By: Maria Madalena das Neves
PDF version: EFTA Surveillance Authority Rejects Complaint Against Norway Related to Snow Crab Fisheries
On 30 September 2016, a group of enterprises of EU Member States engaged in snow crab fisheries in the Barents Sea, submitted a complaint against Norway to the EFTA Surveillance Authority (ESA) (see complaint here).
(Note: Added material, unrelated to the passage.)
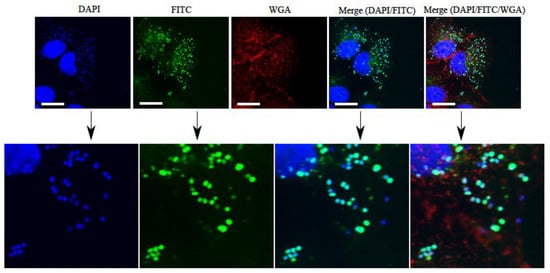 Silver nanoparticles (AgNPs) alone have a well-established use in the treatment of bacterial infections. AgNPs show an efficient antimicrobial property due to their extremely large surface area, which provides better contact with microorganisms []. Wen-Ru et al. have studied the antibacterial activity and acting mechanism of AgNPs on E. coli [,]. The authors investigated the growth, permeability, and morphology of the bacterial cell wall following the treatment with AgNPs. Their results showed that, based on transmission electron microscopy (TEM) imaging, the bacteria membrane vesicles were dissolved and dispersed, and the membrane components became disorganized and scattered from their original ordered and close arrangement []. These observations suggested that AgNPs may damage the structure of the bacterial cell membrane and depress the activity of some membranous enzymes. Studies have also shown that AgNPs are able to interact with sulfur-containing proteins present in the bacterial membrane, in the same way as they can interact with phosphorus groups present in the cell DNA []. AgNPs seem to preferably attack the respiratory chain, and cell division.

The complainants, whose identification has been not been made public (but likely including at least one Lithuanian enterprise), argued that Norway’s Regulation on Prohibition of Snow Crab Catching of 19 December 2014 and Act on the Right to Participate in Fishing and Catching of 26 March 1999 conferred an unjustified privileged access to vessels owned by Norwegian citizens and to Russian vessels to catch snow crab in the maritime zones of Norway (particularly in the Svalbard Fisheries Protection Zone and on the Norwegian Continental Shelf), and that said legislation was, consequently, inconsistent with Articles 4, 31(1), 34, 36(1), 124 of the European Economic Area (EEA) Agreement and with Article 5 of Protocol 9 of the EEA Agreement. More specifically, the complainants argued that Norway’s secondary legislation regulating the catch of snow crab, which prevents nationals from other EEA Member States from establishing a company in Norway in order to be able to engage in fisheries or catching of crab, was inconsistent with the right of establishment, the freedom to provide services, the principle of non-discrimination, and the principle of proportionality prescribed by the EEA Agreement.